Un point intéressant : pour Nutt, il est intéressant de classer une drogue lorsque l'on compare ses méfaits à ceux causés par d'autres substances. C'est pourquoi il a intégré l'alcool dans son classement («  I believe that using analogies with other harmful activities helps us engage in appropriate debate about relative harms of drug »). Selon lui, la frontière entre le tabac/l'acool (« non drogues ») et les drogues est une frontière artificielle.
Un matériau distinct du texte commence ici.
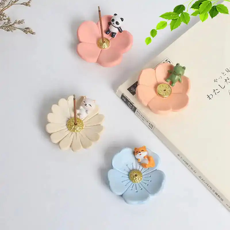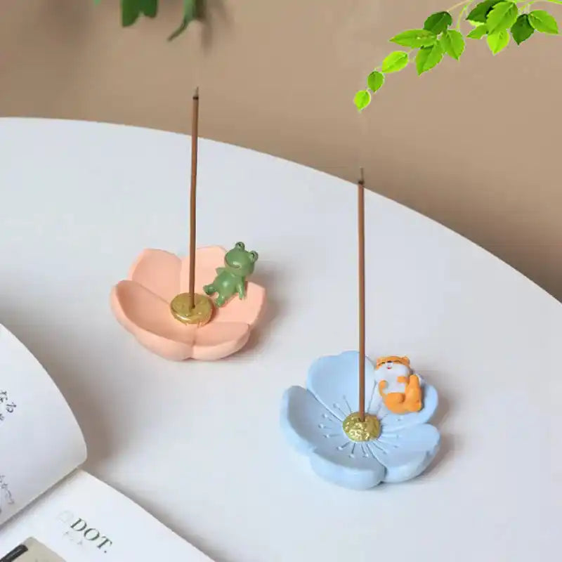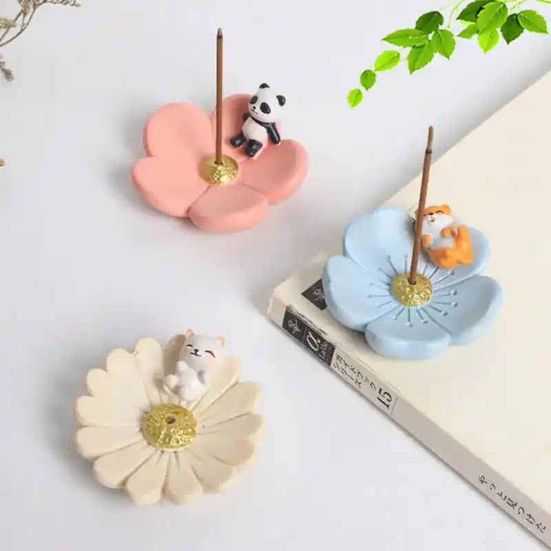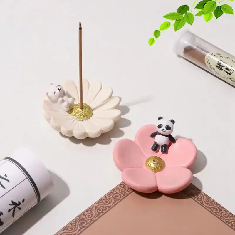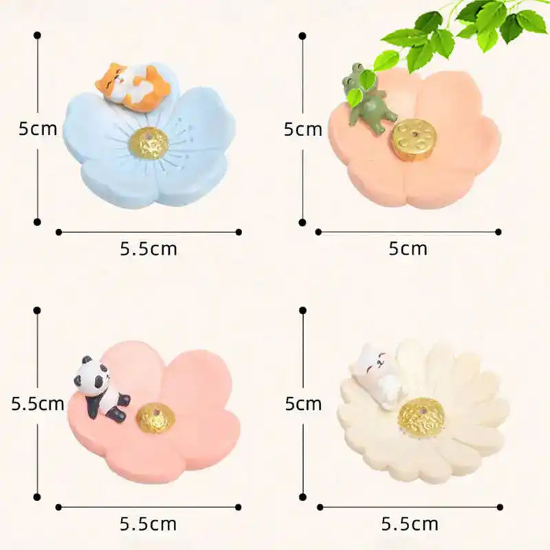 Product Name: Japanese Style Resin Cherry Blossom Sakura Plate Incense Holder with Cute Animal

A ce propos, il rapport une conversation qu'il a eu à plusieurs reprises, notamment avec des hommes politiques :

« MP: ‘You can’t compare harms from a legal activity with an illegal one.’
Professor Nutt: ‘Why not?’
MP: ‘Because one’s illegal.’
Professor Nutt: ‘Why is it illegal?’
MP: ‘Because it’s harmful.’
Professor Nutt: ‘Don’t we need to compare harms to determine if it should be illegal?’
MP: ‘You can’t compare harms from a legal activity with an illegal one.’ repeats … »
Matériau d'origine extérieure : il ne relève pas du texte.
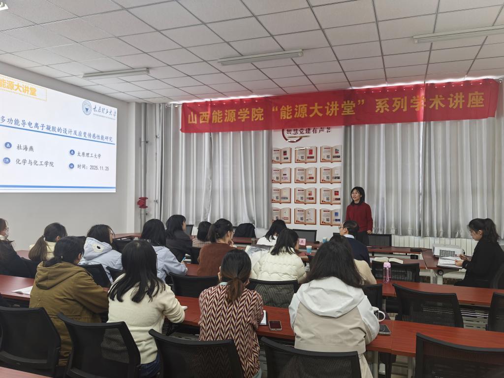 为营造浓厚学术氛围,拓宽师生科研视野,2025年11月25日,TapTap官网能源化学与材料工程系有幸邀请到太原理工大学杜海燕副教授,在强能楼一层2-101开展了一场题为“多功能导电离子凝胶的设计及应变传感性能研究”学术讲座。此次讲座吸引了众多师生参与,现场座无虚席,学术氛围热烈。

Or, David Nutt dit qu'il a été surpris de voir combien de personnes avaient ce raisonnement pourtant absurde, qu'il s'agisse d'hommes politiques, de scientifiques ou d'individus lambda.

 

David Nutt conclut en soulignant la nécessité de s'interroger sur la classification : quelles sont les frontières entre les catégories A,B et C de la législation ? Il serait plus logique de trouver des critères de mesure absolus, qui permettent de justifier que telle drogue est dans telle catégorie. « One thing’s for sure: at present, experts and politicians don’t agree, which is why I think the public debate needs to begin ». Si selon Nutt, les scientifiques gagnent sur le plan intellectuel, ce ne sont en revanche pas eux qui gagnent quant à la désicion en termes de classification. Or, ces difficultés à tomber d'accord continueront tant qu'ils ne parleront pas le même langage, c'est-à-dire tant qu'ils n'évalueront pas les méfaits en utilisant les mêmes mesures relatives.

Enfin, il fait remarquer qu'il serait intéressant de regarder quels sont les effets produits par un changement de catégorie. Concernant le cannabis, il y a eu une récente baisse d'utilisation, mais on ne sait pas si cela a un lien avec le changement de catégorie du cannabis, et si la classification a un impact sur le désir des individus de consommer une drogue.